# Post War Prefabs, Cheltenham September 2010 - Part one



## Lady Grey (Oct 26, 2010)

Post war prefabs

As the title implies, this is a two part report. I have to be honest when I say that I have struggled a little with this subject. Architecturally, the prefabs are not of great interest. However, they are of historical importance, because they were originally a temporary solution to housing shortages after the second world war, but have lasted for generations. These particular prefabs are some of the few existing communities like this in Cheltenham and are due for demolition.

The original foundations of these prefabs can be found on a 1945 version of a Google Earth street view map. I have not specified the exact location of the prefabs, because there are still families living in this now diminished community. They should be allowed to enjoy the rest of the time they have there, in peace. There are plans to redevelop the area with a new housing development, residents have gradually moved out in preparation for this. Since the credit crunch, it has been difficult to obtain morgages or secured loans on most non standard construction properties. 

Prefabricated Housing was a concept envisioned by Winston Churchill, and was outlined in The Temporary Accommodation Act of 1944, to address the United Kingdom's post war housing shortages. He proposed to address the need for the 200.000 shortfall in housing stock, by building 500,000 prefabs with a lifespan of up to 10 years. The scheme got off to a good start, but proved to be too costly, they were more expensive to build than conventional houses. In the end only 156,623 prefabs were constructed. 
Source - Wikipedia. For a more in depth history of prefabs see the Wikipedia article entitled* British Post War temporary prefab houses.*

This report has not really been able convey, the sense of community that was forged, during the years these prefabs have existed.. The residents that still live here, have well maintained comfortable homes and obviously take pride in them.
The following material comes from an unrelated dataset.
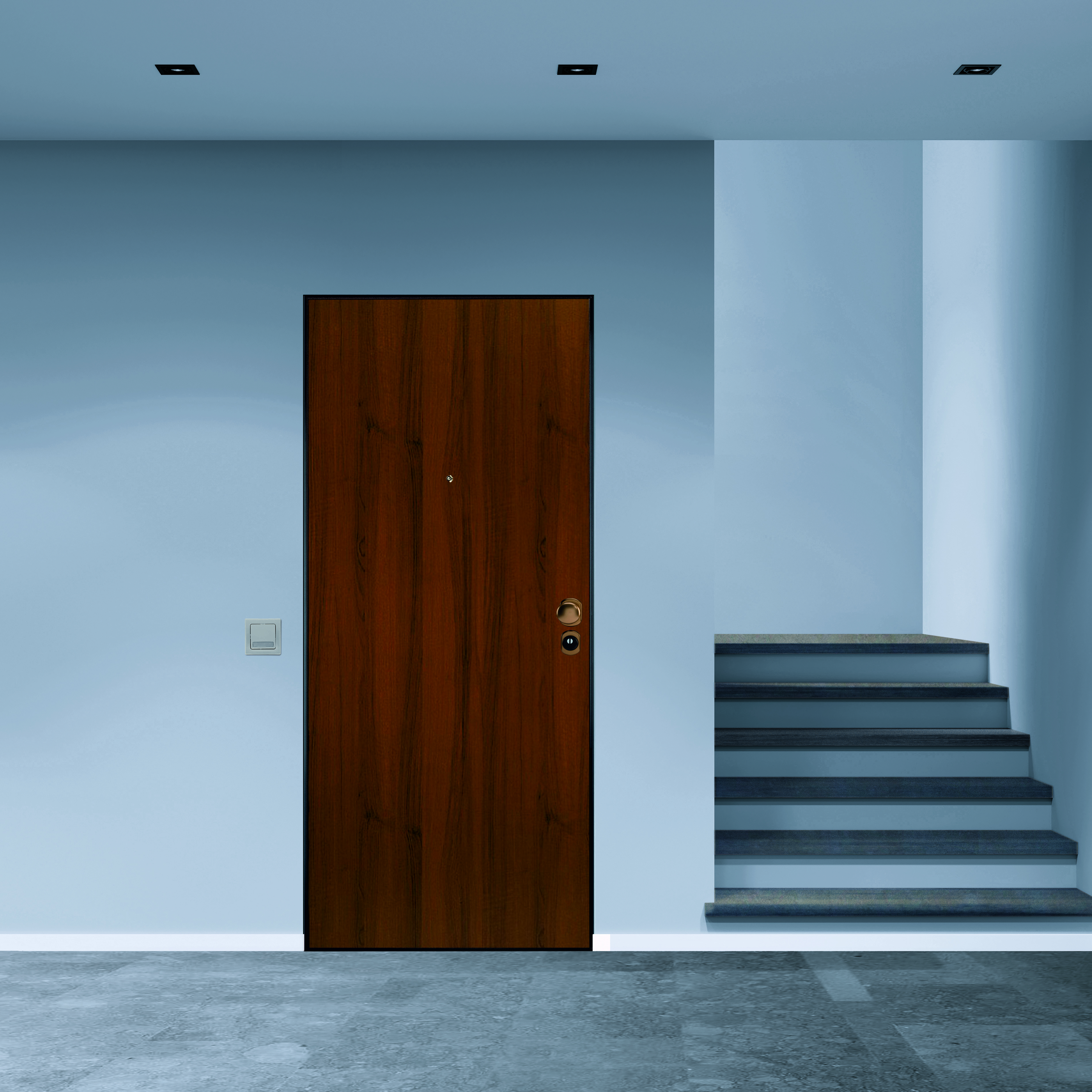 Pannello esterno laminato noce, classe di sicurezza 2, punti di chiusura 6. Consigliata per appartamenti posti all'interno di un condominio. Pannello indicato per ingressi situati in ambienti interni. Serratura motorizzata. Soglia antispifferi, aumenta l'isolamento termico ed evita l'ingresso di polvere ed insetti

I am grateful for the help of the couple that allowed me to traipse through their well cared for property, so that I could take some photographs. I would also like to thank them for their invaluable information regarding part two of this report. I would also like to thank my good friend PJ for his advice and technical help – without his assistance, there would be no report.
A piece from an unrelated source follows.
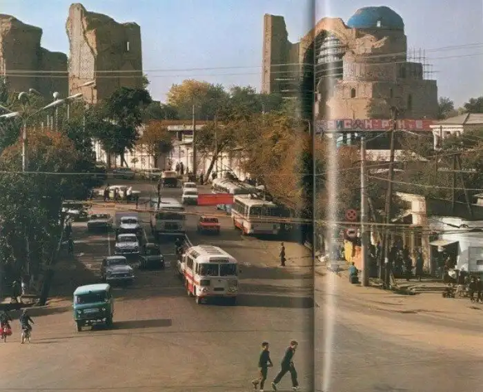 За перекрестком в центре Самарканда возвышаются руины мечети Биби-Ханум в строительных лесах

From humble beginnings, these temporary dwellings became homes, became communities.


----------



## Caveman (Oct 26, 2010)

It's interesting to see these pre-fabs in this condition with a pebble-dash finish. There are some in Dulwich in South London that are far more original than the ones in the pics on this post. There are several more sites around London but unfortunately I have no photos.


----------



## Richard Davies (Oct 26, 2010)

There's some in Catford as featured in How We Built Britain.
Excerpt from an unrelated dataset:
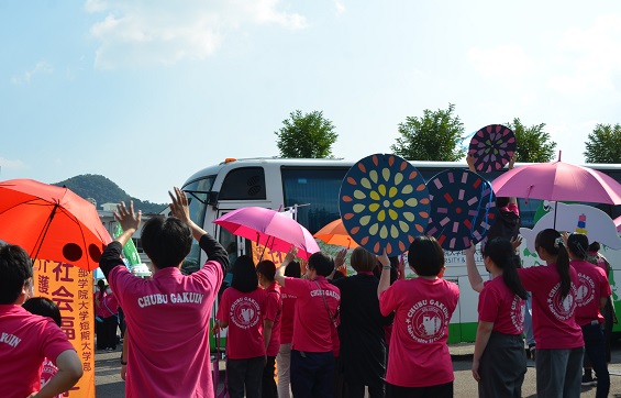 お帰りは学生・教職員みんなでお見送り!暑い中お越しいただきありがとうございました。

At least until the 1980s there were some in Stalybridge, not sure if they are still there.


----------



## night crawler (Oct 26, 2010)

There used to be a a whole load at Harwell for the people who worked there but they were demolished to make way for new housing which still has not been built. There were also a few more down one of the roads in Didcot but again they have gone. Being the historical significance of that particular type of house it is a wonder some have not been preserved some where.


----------



## mookster (Oct 27, 2010)

Half of the Barton estate in Oxford is made up of post-war Pre-fab houses which were only supposed to last a few years, and almost all are still standing and occupied.


----------



## Foxylady (Oct 27, 2010)

Fab report there, Mshegs. Enjoyed reading your write-up. As you said, not an easy subject to show aesthetically, but historically very interesting. Good stuff.


----------



## Richard Davies (Oct 27, 2010)

There's some 1920s pre-fabs at the Black Country Museum, which used thick steel plates for the walls.

They were originally put up somewhere in Dudley & moved for preservation.


----------



## krela (Oct 27, 2010)

Up until 3 years ago there were a couple of thousand pre-fabs in Bristol but the council has recently evicted everyone and now various sheltered housing companies are building flats which I suspect won't be much better than what they're replacing, but a lot more expensive to rent.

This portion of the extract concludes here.